What is expected
Beginning with the line containing "Excavatrice Hitachi d'occasion" and ending with the line containing "Abito in cotone", write out each line of the records below exactly; pictures and lines outside that range are left out.

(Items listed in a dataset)
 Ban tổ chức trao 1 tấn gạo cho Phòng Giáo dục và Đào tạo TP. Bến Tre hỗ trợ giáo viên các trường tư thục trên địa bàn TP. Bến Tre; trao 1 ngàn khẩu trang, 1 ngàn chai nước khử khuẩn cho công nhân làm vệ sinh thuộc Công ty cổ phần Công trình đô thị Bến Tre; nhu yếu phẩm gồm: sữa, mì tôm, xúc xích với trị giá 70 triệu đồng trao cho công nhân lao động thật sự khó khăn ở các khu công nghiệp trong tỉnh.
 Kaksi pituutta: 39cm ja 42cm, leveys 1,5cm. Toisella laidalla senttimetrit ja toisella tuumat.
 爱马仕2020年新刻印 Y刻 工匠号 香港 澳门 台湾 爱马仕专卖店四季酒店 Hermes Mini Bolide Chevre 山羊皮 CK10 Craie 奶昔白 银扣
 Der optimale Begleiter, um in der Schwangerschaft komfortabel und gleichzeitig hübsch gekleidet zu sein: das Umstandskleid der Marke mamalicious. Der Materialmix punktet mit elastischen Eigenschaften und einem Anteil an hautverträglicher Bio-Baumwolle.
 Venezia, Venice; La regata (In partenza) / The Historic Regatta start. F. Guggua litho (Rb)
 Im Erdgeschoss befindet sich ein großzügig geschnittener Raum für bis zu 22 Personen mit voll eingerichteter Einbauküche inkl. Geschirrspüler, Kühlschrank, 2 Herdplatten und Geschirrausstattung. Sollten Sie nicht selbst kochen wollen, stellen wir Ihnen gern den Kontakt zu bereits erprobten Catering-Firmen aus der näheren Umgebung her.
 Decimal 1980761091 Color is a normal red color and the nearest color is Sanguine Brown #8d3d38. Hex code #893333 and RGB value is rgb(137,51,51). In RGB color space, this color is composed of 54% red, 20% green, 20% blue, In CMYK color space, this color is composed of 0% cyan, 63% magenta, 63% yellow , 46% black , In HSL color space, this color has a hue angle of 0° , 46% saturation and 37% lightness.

...

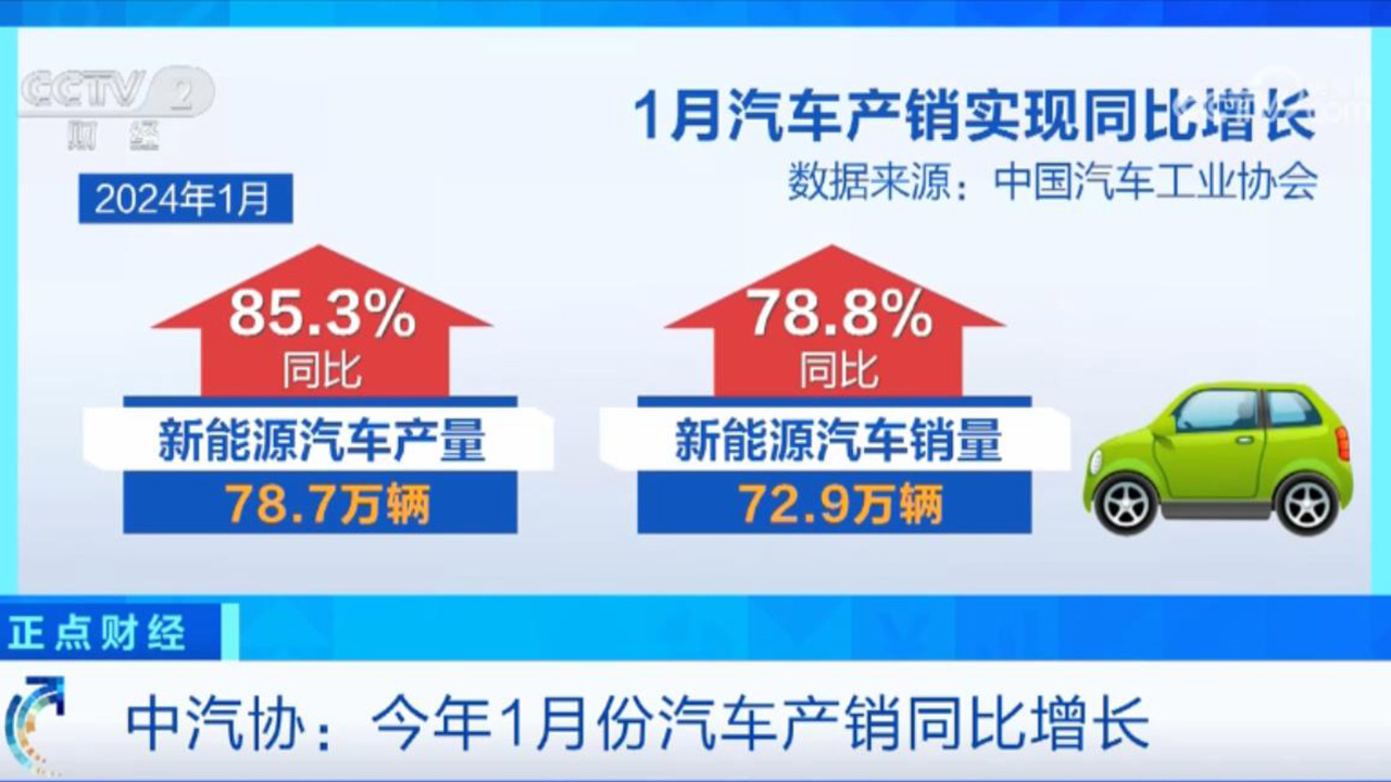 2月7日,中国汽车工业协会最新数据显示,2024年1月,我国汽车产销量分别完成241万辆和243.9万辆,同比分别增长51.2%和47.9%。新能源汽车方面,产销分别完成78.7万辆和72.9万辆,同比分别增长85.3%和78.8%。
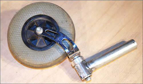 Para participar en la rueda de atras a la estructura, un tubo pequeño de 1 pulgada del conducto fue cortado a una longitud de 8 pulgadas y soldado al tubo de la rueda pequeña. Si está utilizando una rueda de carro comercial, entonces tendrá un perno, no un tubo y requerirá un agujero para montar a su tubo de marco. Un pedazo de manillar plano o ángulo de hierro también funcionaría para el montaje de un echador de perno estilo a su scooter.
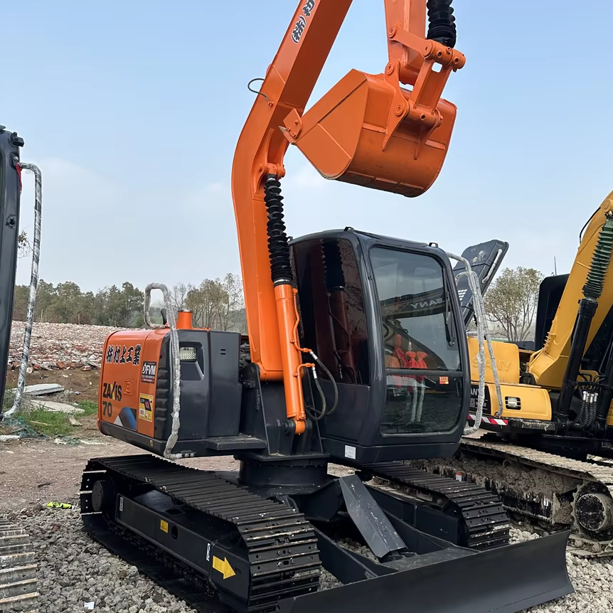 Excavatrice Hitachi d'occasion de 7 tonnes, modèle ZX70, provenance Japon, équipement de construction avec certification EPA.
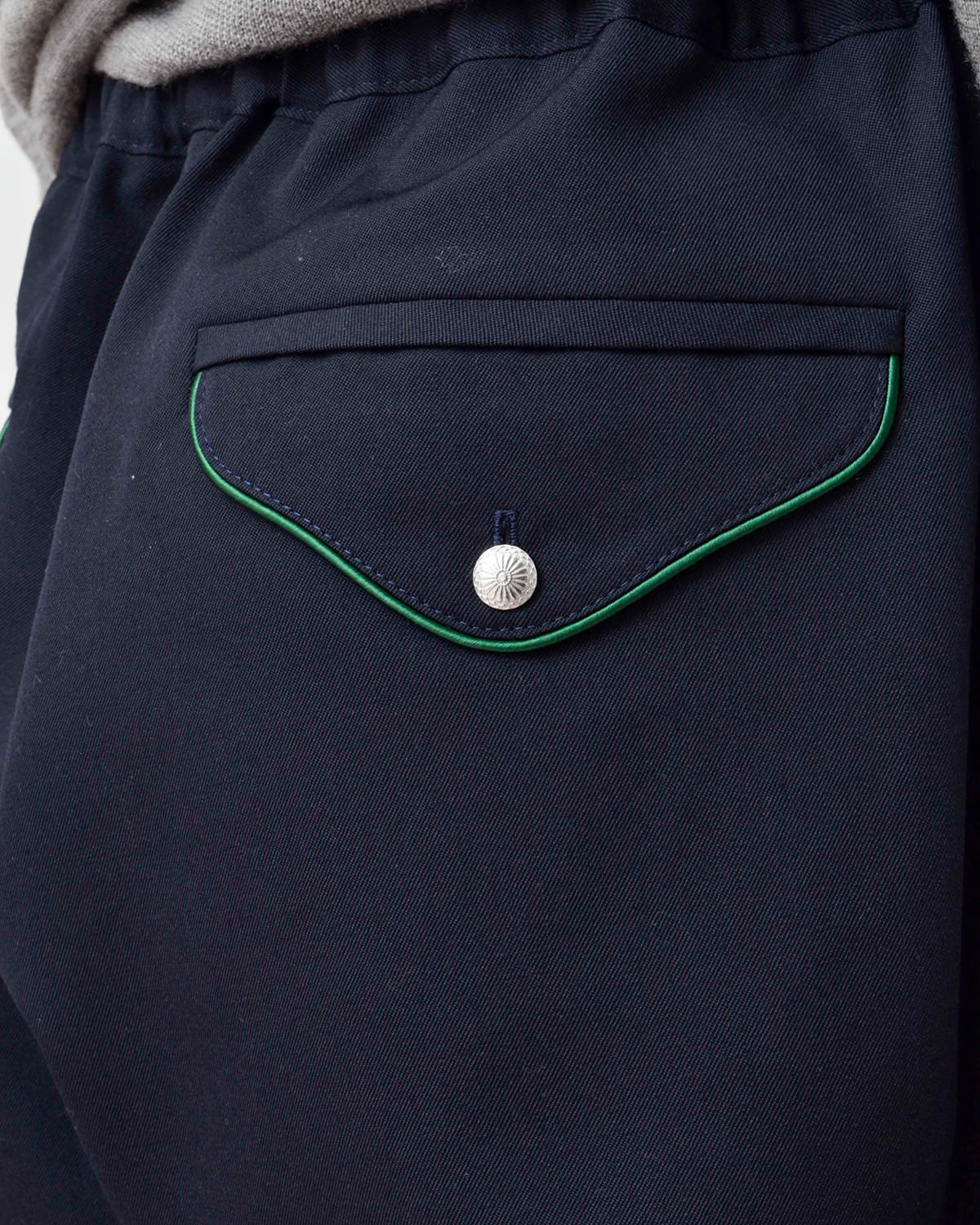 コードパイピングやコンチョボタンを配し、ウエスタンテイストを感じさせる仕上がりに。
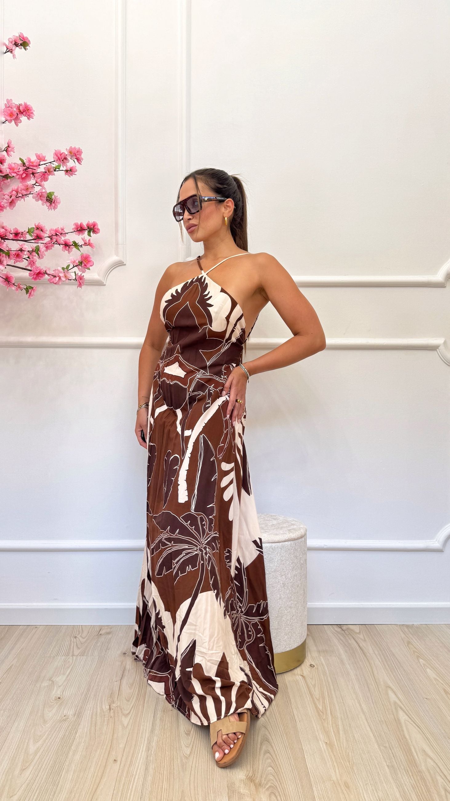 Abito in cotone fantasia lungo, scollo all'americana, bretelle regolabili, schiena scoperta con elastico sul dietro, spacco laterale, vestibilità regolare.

Answer to this task
 Excavatrice Hitachi d'occasion de 7 tonnes, modèle ZX70, provenance Japon, équipement de construction avec certification EPA.
 コードパイピングやコンチョボタンを配し、ウエスタンテイストを感じさせる仕上がりに。
 Abito in cotone fantasia lungo, scollo all'americana, bretelle regolabili, schiena scoperta con elastico sul dietro, spacco laterale, vestibilità regolare.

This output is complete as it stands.